Dataset excerpts:
● ● ●

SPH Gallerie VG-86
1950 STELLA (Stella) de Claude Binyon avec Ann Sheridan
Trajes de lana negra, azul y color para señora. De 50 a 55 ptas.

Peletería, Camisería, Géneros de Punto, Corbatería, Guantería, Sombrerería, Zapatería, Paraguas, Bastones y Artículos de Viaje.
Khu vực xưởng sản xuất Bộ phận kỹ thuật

● ● ●

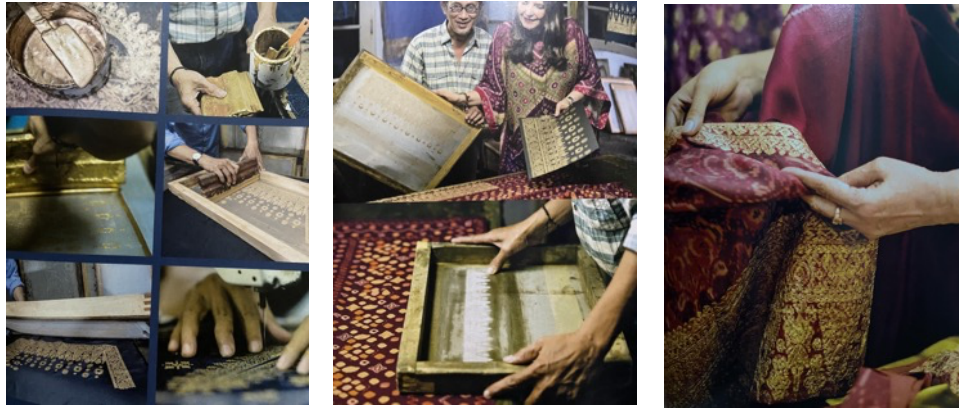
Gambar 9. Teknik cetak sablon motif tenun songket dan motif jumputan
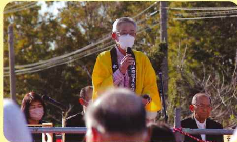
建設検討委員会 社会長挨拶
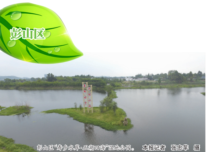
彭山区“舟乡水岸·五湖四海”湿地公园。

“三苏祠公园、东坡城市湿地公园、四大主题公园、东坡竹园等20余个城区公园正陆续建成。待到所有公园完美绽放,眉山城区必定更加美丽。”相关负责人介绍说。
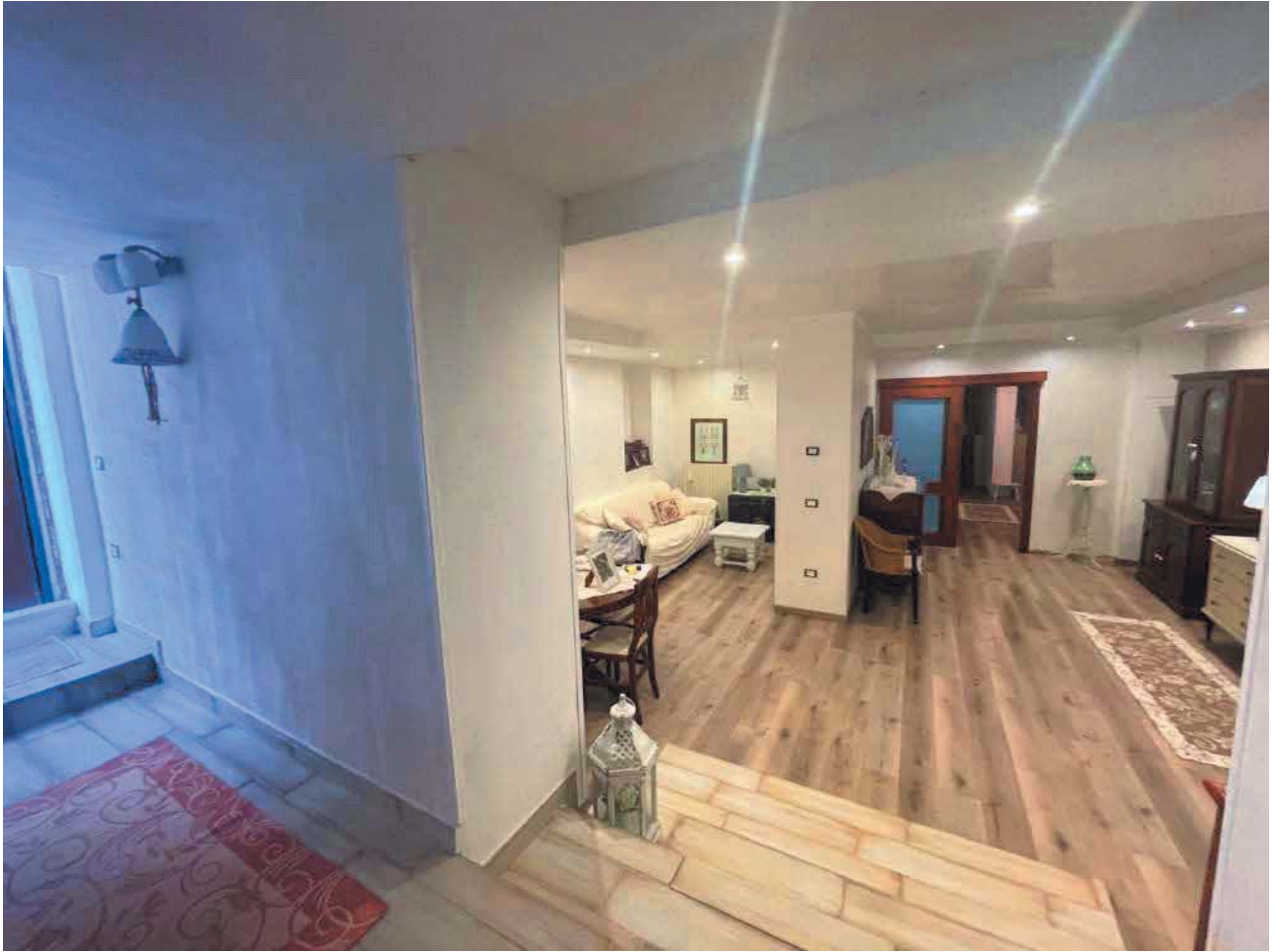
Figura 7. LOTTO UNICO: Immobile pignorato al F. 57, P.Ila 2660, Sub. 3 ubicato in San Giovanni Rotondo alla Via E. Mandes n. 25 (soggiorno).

● ● ●

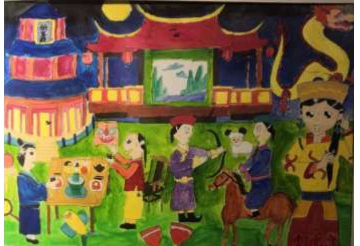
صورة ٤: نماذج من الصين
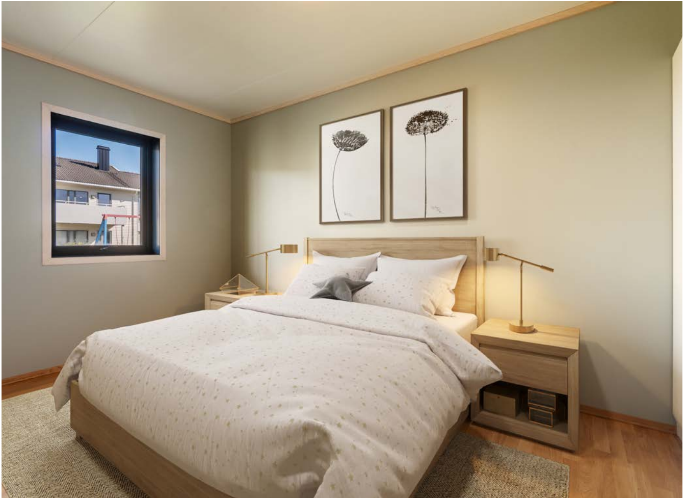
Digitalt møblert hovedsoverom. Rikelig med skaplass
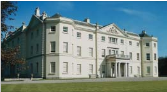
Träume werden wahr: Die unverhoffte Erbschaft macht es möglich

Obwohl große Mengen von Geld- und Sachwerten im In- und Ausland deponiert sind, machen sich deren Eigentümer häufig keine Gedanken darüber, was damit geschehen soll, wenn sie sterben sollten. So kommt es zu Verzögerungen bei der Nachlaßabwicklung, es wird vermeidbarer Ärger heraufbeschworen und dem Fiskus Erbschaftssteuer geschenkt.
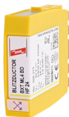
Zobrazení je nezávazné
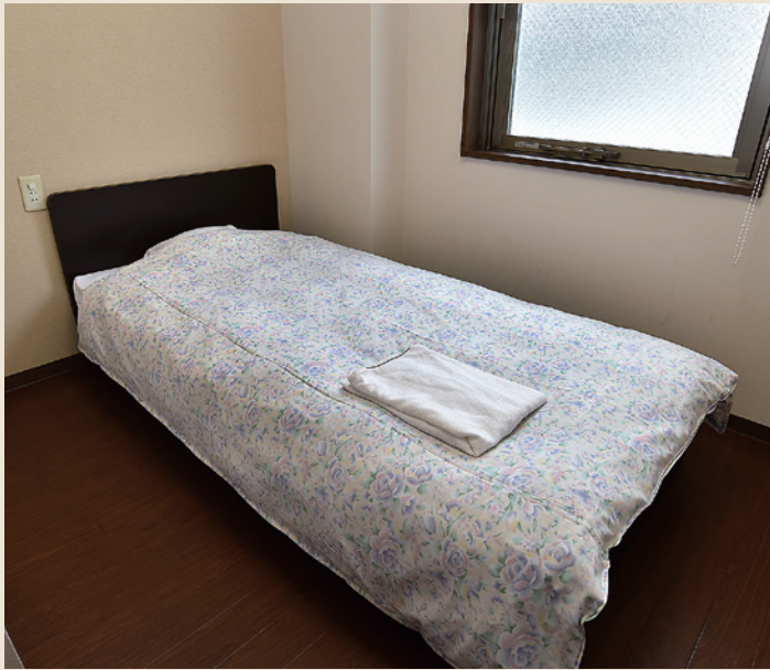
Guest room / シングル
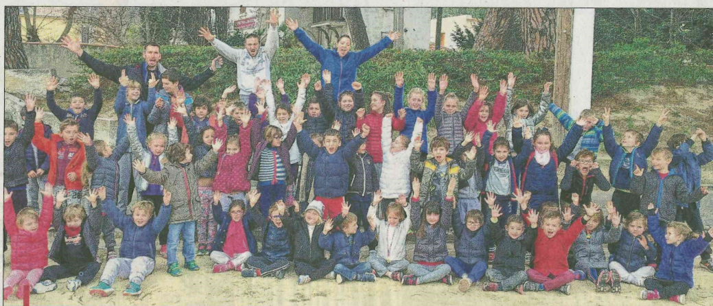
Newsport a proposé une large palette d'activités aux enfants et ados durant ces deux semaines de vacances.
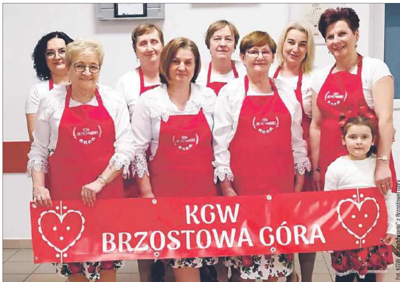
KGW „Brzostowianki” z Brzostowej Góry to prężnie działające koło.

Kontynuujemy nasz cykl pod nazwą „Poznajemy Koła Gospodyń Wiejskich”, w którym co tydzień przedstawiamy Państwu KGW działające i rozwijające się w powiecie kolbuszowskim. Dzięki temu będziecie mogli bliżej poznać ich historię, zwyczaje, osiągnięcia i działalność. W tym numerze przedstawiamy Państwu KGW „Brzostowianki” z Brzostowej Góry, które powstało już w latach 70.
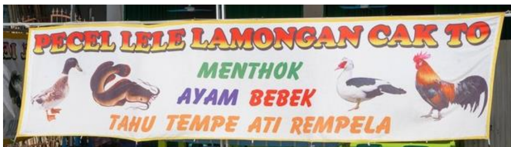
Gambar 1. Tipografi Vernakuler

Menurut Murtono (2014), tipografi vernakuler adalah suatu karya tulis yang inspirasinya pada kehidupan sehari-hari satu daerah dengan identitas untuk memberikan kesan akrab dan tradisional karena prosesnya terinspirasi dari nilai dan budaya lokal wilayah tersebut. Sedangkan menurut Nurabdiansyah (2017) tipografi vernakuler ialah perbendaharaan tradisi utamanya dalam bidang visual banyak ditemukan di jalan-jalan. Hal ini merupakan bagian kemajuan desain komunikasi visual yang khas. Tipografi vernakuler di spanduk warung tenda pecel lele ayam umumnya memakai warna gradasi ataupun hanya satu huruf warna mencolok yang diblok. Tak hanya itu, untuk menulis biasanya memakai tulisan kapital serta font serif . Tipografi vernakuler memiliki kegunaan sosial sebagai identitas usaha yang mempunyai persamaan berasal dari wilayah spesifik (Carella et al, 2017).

● ● ●

* **TASK BRIEF**
Exactly as written above, retype the lines starting at the one holding "Gambar 9. Teknik" and ending at the one holding "Figura 7. LOTTO", both included, but not the pictures.

* **TASK OUTPUT**
Gambar 9. Teknik cetak sablon motif tenun songket dan motif jumputan
建設検討委員会 社会長挨拶
彭山区“舟乡水岸·五湖四海”湿地公园。

“三苏祠公园、东坡城市湿地公园、四大主题公园、东坡竹园等20余个城区公园正陆续建成。待到所有公园完美绽放,眉山城区必定更加美丽。”相关负责人介绍说。
Figura 7. LOTTO UNICO: Immobile pignorato al F. 57, P.Ila 2660, Sub. 3 ubicato in San Giovanni Rotondo alla Via E. Mandes n. 25 (soggiorno).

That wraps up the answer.